● **Data for processing**:

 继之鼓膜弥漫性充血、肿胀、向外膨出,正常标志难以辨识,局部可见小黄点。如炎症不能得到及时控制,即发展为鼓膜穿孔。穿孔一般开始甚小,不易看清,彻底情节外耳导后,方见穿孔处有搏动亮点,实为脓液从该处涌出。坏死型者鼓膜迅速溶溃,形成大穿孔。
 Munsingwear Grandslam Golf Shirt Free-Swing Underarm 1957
...
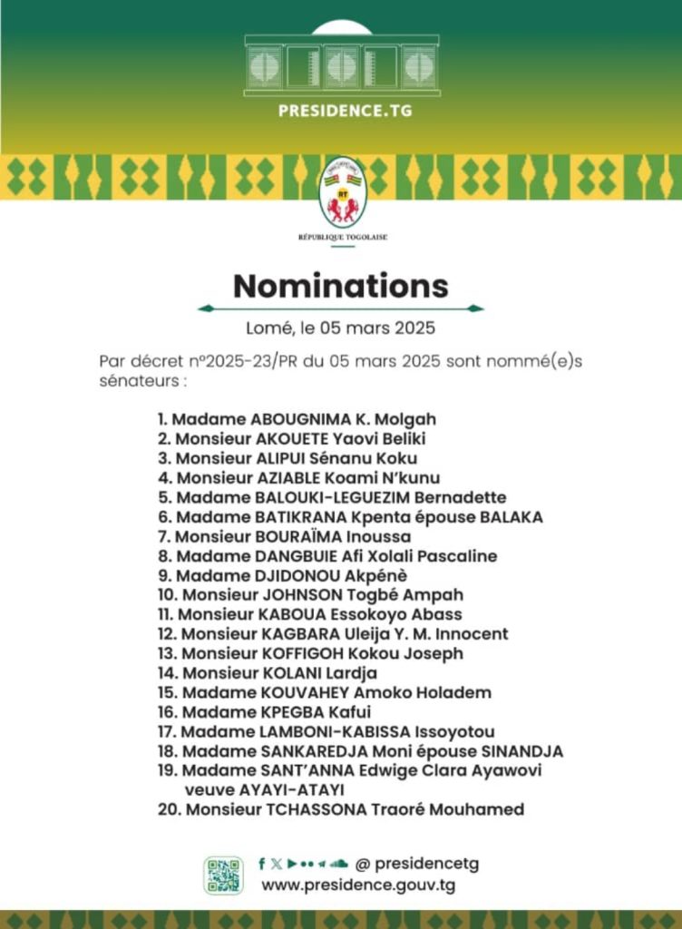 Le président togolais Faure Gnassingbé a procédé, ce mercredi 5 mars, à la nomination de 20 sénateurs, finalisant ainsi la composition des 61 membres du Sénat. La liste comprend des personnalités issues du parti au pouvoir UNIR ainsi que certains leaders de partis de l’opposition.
==
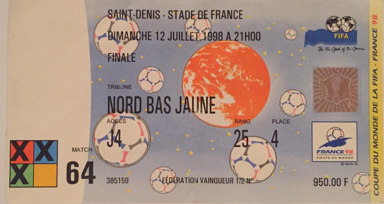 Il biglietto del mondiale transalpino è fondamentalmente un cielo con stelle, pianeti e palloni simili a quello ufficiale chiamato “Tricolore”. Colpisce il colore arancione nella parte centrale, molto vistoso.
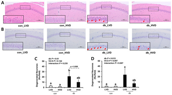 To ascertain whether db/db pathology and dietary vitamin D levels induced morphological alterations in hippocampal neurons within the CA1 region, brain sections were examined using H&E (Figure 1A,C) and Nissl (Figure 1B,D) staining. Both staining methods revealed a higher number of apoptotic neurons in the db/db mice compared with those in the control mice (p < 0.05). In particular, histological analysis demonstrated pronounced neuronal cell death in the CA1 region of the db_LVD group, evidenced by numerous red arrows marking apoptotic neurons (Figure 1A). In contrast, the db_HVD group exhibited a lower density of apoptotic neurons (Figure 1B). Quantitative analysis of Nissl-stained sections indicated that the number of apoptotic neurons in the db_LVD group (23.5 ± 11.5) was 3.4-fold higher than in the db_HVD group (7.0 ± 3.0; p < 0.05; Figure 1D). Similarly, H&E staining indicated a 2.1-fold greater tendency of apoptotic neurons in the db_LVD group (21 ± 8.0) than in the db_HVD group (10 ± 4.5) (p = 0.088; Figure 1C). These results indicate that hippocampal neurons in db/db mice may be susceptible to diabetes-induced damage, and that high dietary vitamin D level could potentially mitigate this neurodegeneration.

● **Task details**: Starting at the line above that holds "继之鼓膜弥漫性充血、肿胀、向" and ending at the line that holds "Munsingwear Grandslam Golf", transcribe each line exactly and include no other lines.

● **The answer**:
 继之鼓膜弥漫性充血、肿胀、向外膨出,正常标志难以辨识,局部可见小黄点。如炎症不能得到及时控制,即发展为鼓膜穿孔。穿孔一般开始甚小,不易看清,彻底情节外耳导后,方见穿孔处有搏动亮点,实为脓液从该处涌出。坏死型者鼓膜迅速溶溃,形成大穿孔。
 Munsingwear Grandslam Golf Shirt Free-Swing Underarm 1957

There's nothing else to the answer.